Effect of H19 overexpression on cholangiocytes and hepatocytes

In order to determine the direct effect of H19 on cholangiocytes and hepatocytes, we overexpressed H19 in MLE and MPH by transfection of a recombinant H19 expression plasmid. As shown in Figs. 4A and 4D, H19 was successfully overexpressed in MLE and MPH. Overexpression of H19 not only significantly upregulated the estrogen receptor (ER) α, SphK2, Bcl-2 and α-smooth muscle actin (α-SMA) in MLE cells (Fig. 4B–C and Supplementary Fig. 7), but also upregulated ERα, SphK2, Bcl-2 in MPH (Fig. 4E–F and Supplementary Fig. 8). Although overexpression of H19 had no effect on farnesoid X receptor (FXR) expression (both mRNA and protein), SHP mRNA and protein expression levels were significantly suppressed by H19 in MPH (Fig. 5A–C). Furthermore, overexpression of H19 significantly reduced the mRNA stability of SHP in MPH (Fig. 5D). In order to determine whether H19 had any effect on the transcription of SHP, we co-transfected 293 cells with PGL4.23-SHP-promoter and H19 overexpression plasmid. The SHP promoter activity was measured by luciferase assay. As shown in Fig. 5E (left panel), overexpression of H19 suppressed SHP promoter activity. Furthermore, the purified exosomes from human normal cholangiocyte H69 overexpressing H19 also inhibited SHP promoter activity (Fig. 5E, right panel). To further determine whether H19-mediated suppression of SHP transcription was inhibited by FXR activation, 293 cells were co-transfected with PGL4.23-SHP-promoter and pCMV-ICIS-hFXR plasmid together with transfection of H19 overexpression plasmid or treatment with exosomes isolated from H69 cells overexpressing H19 and then treated with FXR agonist, GW4064. As shown in Fig. 5F, both H19 overexpression (left panel) and exosomal H19 (right panel) inhibited SHP promoter activity under FXR activation. These results suggest that cholangiocyte-derived H19 suppresses SHP expression at both the transcriptional and post-transcriptional levels in hepatocytes.

Figure 4. Effect of H19 overexpression on mouse cholangiocytes and hepatocytes.

Figure 4

(A–C) MLE cells were transfected with control plasmid (CP) or H19 overexpression plasmid for 48 h. The mRNA levels of H19 were determined by real-time RT-PCR and normalized using HPRT1 as an internal control. (A) Relative mRNA levels of H19 and a representative DNA agarose gel image of real-time PCR products of H19 and HPRT1. (B) Relative protein expression levels of S1PR2 and SphK2 normalized using β-Actin as a loading control. (C) The mRNA levels of ERα, S1PR2 and SphK2 in MLE. (D–F) MPH cells were transfected with CP or H19 overexpression plasmid for 24 h. (D) Relative mRNA levels of H19 and representative DNA agarose gel images of real-time PCR products of H19 and HPRT1. (E) Representative immunoblot images and relative protein expression levels of S1PR2 and SphK2 normalized using β-Actin as a loading control. (F) The mRNA levels of ERα, S1PR2 and SphK2 in MPH. Statistical significance: *P<0.05, **P<0.01, ***P<0.001, compared with control group, One-way ANOVA with Tukey’s post-hoc tests (n=3).

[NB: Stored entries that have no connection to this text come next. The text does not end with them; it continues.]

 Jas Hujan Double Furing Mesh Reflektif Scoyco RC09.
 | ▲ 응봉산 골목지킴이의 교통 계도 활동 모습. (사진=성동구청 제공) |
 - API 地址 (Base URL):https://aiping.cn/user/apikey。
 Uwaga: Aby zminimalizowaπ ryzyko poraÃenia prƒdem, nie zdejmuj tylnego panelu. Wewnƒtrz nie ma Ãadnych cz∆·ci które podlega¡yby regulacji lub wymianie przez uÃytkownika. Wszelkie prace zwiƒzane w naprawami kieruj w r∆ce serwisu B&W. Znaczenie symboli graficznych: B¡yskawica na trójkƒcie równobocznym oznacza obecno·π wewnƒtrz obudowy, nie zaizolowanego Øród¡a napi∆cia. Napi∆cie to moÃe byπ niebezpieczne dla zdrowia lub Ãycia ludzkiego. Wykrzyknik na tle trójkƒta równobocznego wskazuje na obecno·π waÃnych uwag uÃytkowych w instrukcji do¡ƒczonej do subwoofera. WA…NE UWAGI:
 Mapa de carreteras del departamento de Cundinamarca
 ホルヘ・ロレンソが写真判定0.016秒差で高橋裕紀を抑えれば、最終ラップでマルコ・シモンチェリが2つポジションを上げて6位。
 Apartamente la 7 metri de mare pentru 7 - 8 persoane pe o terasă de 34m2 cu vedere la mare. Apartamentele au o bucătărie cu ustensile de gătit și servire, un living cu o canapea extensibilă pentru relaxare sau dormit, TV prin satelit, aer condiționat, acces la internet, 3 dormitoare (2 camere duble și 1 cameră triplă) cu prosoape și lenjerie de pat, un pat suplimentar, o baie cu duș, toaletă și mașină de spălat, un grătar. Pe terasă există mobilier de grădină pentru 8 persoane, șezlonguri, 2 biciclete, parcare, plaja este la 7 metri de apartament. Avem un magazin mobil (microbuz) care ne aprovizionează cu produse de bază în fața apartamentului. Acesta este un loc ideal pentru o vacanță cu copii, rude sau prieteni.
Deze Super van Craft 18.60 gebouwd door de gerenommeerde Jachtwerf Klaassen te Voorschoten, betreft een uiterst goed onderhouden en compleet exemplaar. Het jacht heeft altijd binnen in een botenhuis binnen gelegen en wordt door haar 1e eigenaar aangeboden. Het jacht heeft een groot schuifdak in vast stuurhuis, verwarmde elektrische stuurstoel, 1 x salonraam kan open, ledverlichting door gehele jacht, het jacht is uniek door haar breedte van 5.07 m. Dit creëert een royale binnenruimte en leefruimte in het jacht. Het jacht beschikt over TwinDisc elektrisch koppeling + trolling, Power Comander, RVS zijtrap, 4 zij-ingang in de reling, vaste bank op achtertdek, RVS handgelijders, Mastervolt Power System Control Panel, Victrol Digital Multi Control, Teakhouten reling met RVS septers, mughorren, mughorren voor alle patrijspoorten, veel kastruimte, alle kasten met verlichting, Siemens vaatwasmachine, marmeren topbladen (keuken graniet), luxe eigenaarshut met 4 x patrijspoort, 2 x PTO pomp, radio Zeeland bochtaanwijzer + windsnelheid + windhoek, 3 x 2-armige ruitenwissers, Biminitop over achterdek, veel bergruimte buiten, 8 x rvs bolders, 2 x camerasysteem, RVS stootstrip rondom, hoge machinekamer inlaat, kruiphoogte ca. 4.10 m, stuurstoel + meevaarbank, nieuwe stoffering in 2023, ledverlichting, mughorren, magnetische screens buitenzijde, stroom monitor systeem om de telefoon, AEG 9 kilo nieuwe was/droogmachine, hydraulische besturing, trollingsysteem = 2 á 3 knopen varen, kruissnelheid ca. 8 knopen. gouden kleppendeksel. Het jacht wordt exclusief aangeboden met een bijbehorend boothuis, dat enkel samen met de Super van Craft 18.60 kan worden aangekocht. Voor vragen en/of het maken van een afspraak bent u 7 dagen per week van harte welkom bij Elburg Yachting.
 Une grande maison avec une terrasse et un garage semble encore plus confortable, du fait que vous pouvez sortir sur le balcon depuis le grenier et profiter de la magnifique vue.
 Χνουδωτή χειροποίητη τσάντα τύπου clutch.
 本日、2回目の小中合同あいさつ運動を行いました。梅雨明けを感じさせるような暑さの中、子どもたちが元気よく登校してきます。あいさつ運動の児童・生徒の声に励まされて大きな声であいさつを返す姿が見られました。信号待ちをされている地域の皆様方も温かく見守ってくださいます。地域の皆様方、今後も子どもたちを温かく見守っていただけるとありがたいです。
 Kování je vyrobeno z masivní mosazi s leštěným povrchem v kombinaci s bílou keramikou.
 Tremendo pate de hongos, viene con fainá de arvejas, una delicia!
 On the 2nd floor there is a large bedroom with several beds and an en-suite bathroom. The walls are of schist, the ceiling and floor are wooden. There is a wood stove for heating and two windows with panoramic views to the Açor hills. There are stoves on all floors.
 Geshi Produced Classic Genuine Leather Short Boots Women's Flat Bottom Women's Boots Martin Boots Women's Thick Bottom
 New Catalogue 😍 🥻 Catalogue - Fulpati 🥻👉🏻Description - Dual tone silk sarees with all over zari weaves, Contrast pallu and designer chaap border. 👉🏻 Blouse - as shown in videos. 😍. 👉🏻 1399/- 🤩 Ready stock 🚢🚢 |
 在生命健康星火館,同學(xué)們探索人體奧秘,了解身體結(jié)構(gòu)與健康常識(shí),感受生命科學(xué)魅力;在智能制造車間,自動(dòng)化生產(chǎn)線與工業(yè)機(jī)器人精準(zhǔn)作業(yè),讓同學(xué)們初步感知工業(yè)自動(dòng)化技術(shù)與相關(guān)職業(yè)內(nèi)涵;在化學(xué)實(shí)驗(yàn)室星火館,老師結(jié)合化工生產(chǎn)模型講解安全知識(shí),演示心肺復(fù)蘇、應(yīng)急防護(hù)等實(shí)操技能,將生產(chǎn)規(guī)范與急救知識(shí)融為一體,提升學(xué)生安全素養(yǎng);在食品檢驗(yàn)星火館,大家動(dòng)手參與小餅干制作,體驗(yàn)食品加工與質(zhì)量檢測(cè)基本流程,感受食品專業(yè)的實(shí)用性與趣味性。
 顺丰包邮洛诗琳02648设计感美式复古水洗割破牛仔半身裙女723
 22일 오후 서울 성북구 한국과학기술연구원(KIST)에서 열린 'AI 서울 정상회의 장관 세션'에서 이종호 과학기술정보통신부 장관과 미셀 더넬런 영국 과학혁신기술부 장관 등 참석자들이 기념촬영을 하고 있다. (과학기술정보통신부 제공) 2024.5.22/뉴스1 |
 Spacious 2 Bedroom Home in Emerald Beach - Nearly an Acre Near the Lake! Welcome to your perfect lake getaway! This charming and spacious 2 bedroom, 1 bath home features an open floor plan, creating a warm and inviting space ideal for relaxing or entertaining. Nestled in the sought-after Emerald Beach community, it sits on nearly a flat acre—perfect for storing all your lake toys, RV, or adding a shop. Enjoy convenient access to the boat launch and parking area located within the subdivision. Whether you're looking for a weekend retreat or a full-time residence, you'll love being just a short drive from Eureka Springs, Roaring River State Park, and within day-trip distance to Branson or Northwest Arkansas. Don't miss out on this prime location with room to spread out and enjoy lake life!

Figure 5. Effect of H19 on SHP expression in hepatocytes.

Figure 5

(A–C) MPH cells were transfected with CP or H19 overexpression plasmid for 24 h. (A–B) The mRNA levels of FXR and SHP were determined by real-time RT-PCR and normalized using HPRT1 as an internal control. (C) Representative immunoblot images and relative protein expression levels of FXR and SHP normalized using β-Actin as a loading control. (D) MPH cells were transfected with CP or H19 overexpression plasmid for 24 h before addition of actinomycin D (5 μg/ml) (time 0). Total cellular RNA was extracted at 0, 0.25, 0.5, 1 and 2 h after treatment with actinomycin D. Relative mRNA levels of SHP at different time points were determined by real-time RT-PCR and compared to time 0. (E–F) 293 cells were transfected with pGL4.23-SHP-promotor, without (E) or with (F) co-transfection of pCMV-ICIS-hFXR plasmid for 24 h. Cells were then (E–F, left panel) transfected with H19 overexpression/control plasmid or (E–F, right panel) treated with exosomes (exos) isolated from H69 cells transfected with H19 overexpression/control plasmid for another 24 h. (F) Cells were then treated with 5 μM GW4064 for another 8 h. Relative luciferase activity of SHP promotor was measured and normalized with protein content. Statistical significance: *P<0.05, **P<0.01, ***P<0.001, compared with control groups, ##P<0.01, ###P<0.001, compared with control + GW4064 group, 2-tailed Student’s t test (5D–E), One-way ANOVA with Tukey’s post-hoc tests (5A–C, 5F) (n=3).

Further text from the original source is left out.